Hacker News new | past | comments | ask | show | jobs | submit login

That would be one very rude awakening, probably to the point where you initially would think you're being pranked.



I feel pranked despite having multiple independent websites confirming the story without a single one giving me an SSL certificate warning.


Can't blame you. And I suspect the story is far from over, and that it may well get a lot weirder still.

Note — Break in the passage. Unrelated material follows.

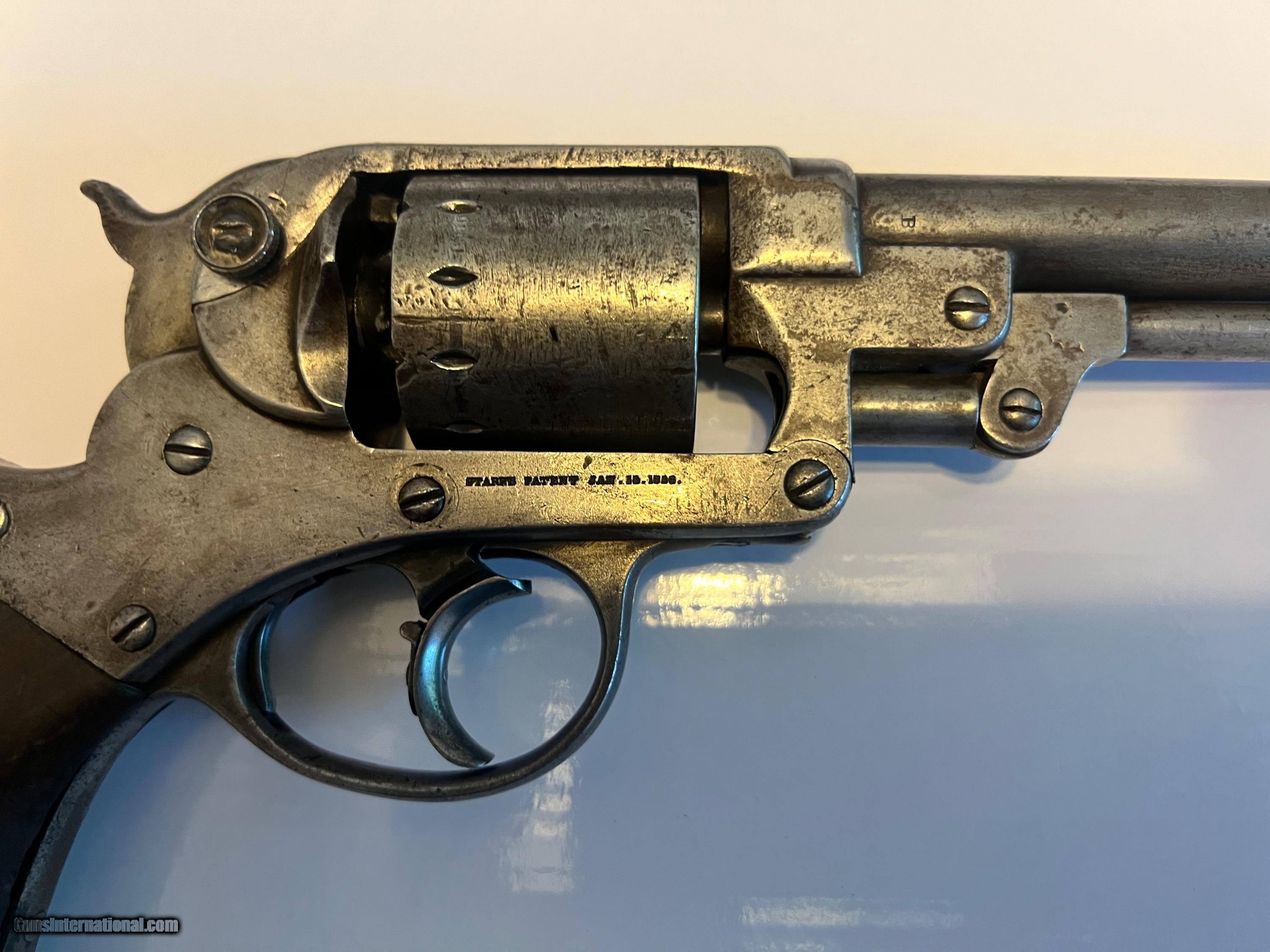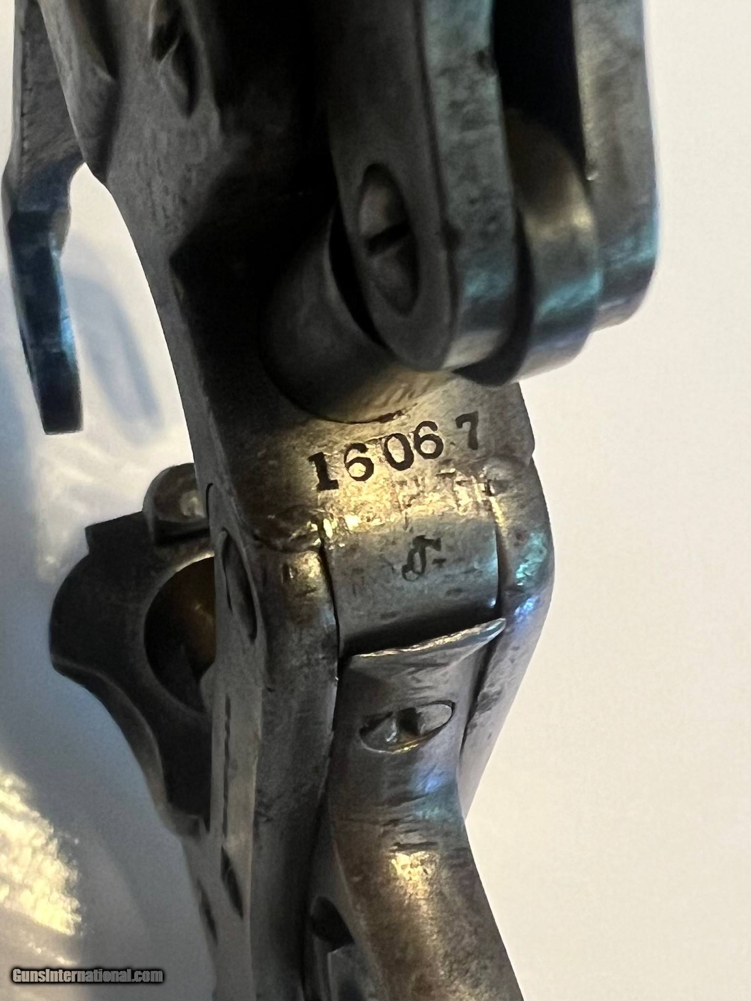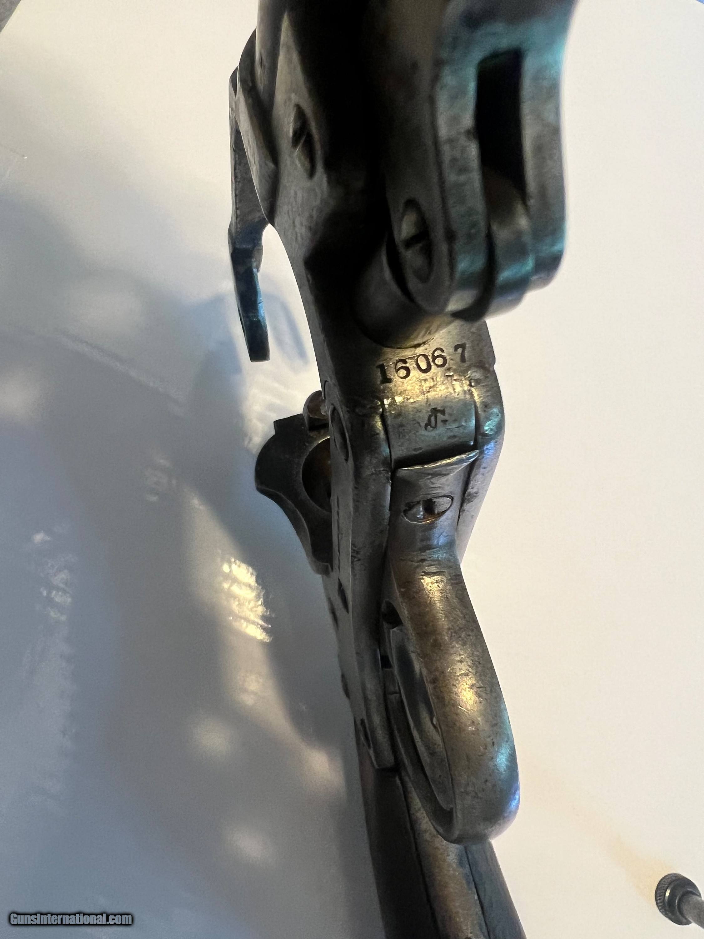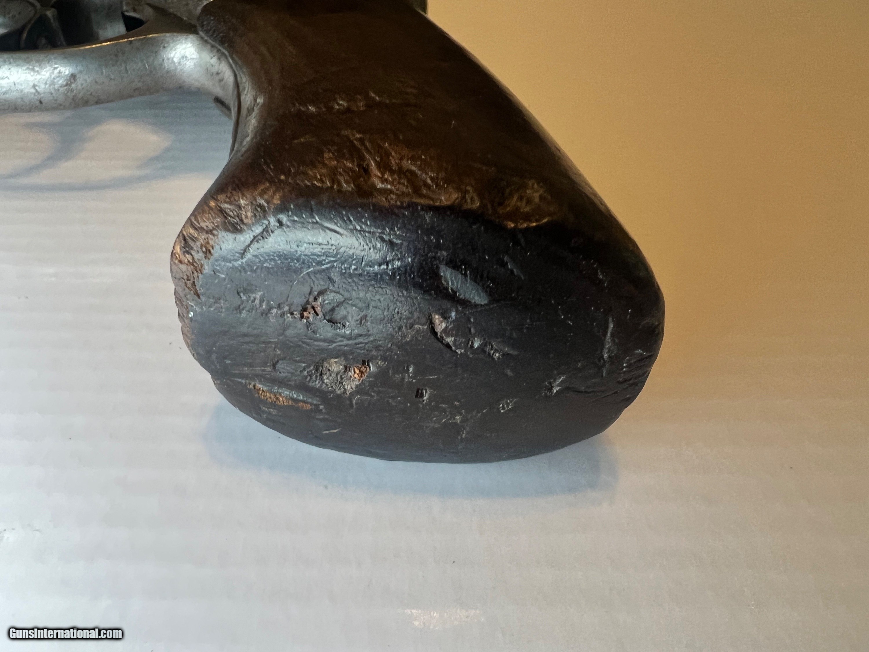 Description: Model 1858 DA Starr Perxuasion Revolver. Matching serials numbers. Grips have wear and chips. Two chambers of the cylinder have been converted to 44 at some point in history (See Pictures); all nipples have been removed during this process I would have to assume. The partial conversion causes the cylinder not to appropriately cycle when trigger is pulled. Please see pictures for condition. This is a handgun that has many stories to tell to say the least. Condition is as found. See pictures for condition. Weapon sold as antique not intended for firing. SOLD Antique: Yes Handgun Caliber: .44 Manufacturer: Starr Arms Model: M1858 Double Action Serial Number: 16067 Barrel Length: 6” Chambers: 2 Chambers have been converted. Condition: Fair Metal Condition: Fair Wood Condition: Worn Grips |

Seems to me that sama and Microsoft have been on fairly equal footing since the 49:51 % deal was made.

Then a seismic shift underneath Sam but Microsoft has enough stability and resources to more than compensate for the part of the 51% that was already in OpenAI's hands, which might not be under Sam's purview any more if he is kicked out.

But then again it might be Sam's leadership which would still effectively be in place from a position at Microsoft anyway, or it might end up making more sense for him to also be in a position at OpenAI, maybe even at the same time, in order to make the most of their previous investment.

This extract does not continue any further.